Student-centred finance, with universities setting fees, is consistent with your more public money position. The difference is that public spending would be sent through the students, rather than given to universities directly. But it does mean that if the Commonwealth doesn't give students high enough subsidies they have a choice to pay more to maintain or improve quality. At the moment, that choice doesn't exist, and everybody must put up with what nobody wants? declining student-staff ratios and all the other signs of funding constraint.
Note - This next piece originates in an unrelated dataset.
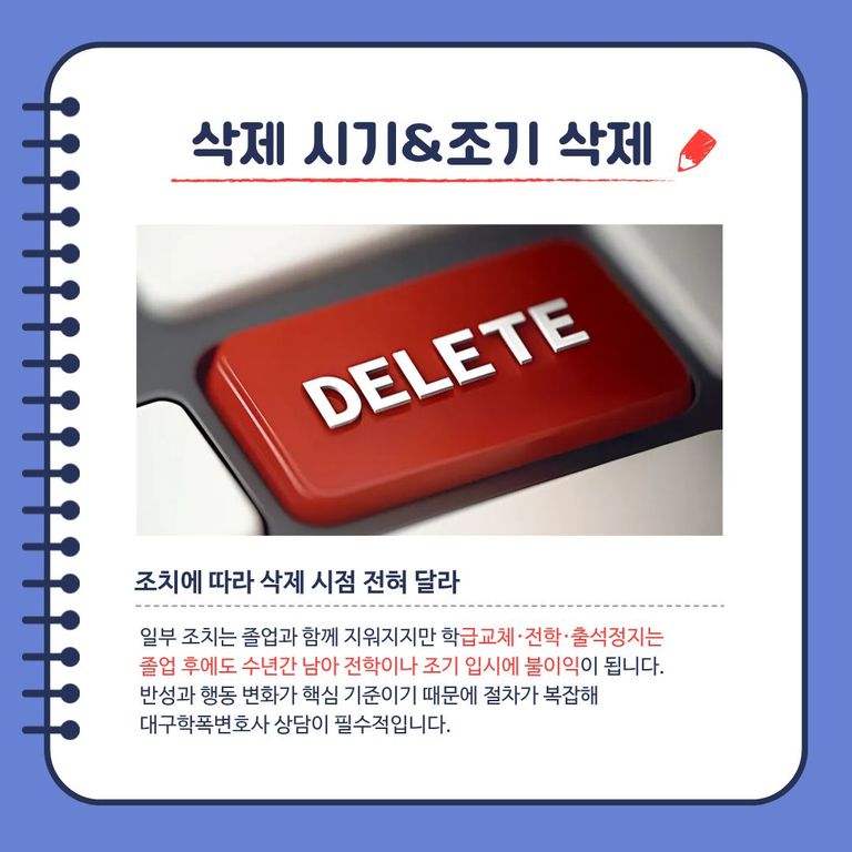 일부 경미한 조치는 졸업 즉시 삭제되지만 출석정지·전학·학급교체는 졸업 후 수년 동안 학생부에 유지됩니다.

I promise I'll get to the issue of the consequences of student debt tomorrow. But I wanted to spend more time on the reasons for it (or the consequences of not having it); why I think the power to charge students directly is so important. It's not because I want students to pay more as such. I don't see this primarily as an income distribution issue, and don't believe the working classes are subsidising middle class university students (as the taxation and expenditure statistics show, most taxpayers don't pay for all the services and benefits they receive, let alone someone else's university education.) I see it very much as an educational issue.

Regards Andrew

(By the way, I did not say that university councils, student unions, and your bargaining approach were worthy of bureaucratic interference. They are not. I was merely making the point that I could at least see a problem; by contrast I didn't see why the Commonwealth felt a sudden urge to fund courses selectively, dictate student selection principles, or create guidelines for so-called "fee exempt" scholarships. But the solution to these problems won't come from Canberra, as my next paragraph went on to say.)

Regards,
Andrew

From: Carolyn Allport
To: Andrew Norton
Sent: Thursday, September 25, 2003 3:00 PM
Subject: Re: Put students in control

Dear Andrew,

I do not imagine our readers are particularly interested in an old debate around whether introducing vouchers is good or bad policy. And, we will probably continue to disagree around those issues. What is at issue here are a number of changes brought forward by the Government - changes that affect staff and students, as well as the community as a whole. The Government's package is in response to widespread acceptance by universities, staff, students, business leaders and community opinion that something was wrong with our universities. Generally speaking all these voices said that 'the something' was inadequate funding. The real question is whether the remedies proposed by Dr Nelson will take our universities forward in a productive and inclusive way over the next decade.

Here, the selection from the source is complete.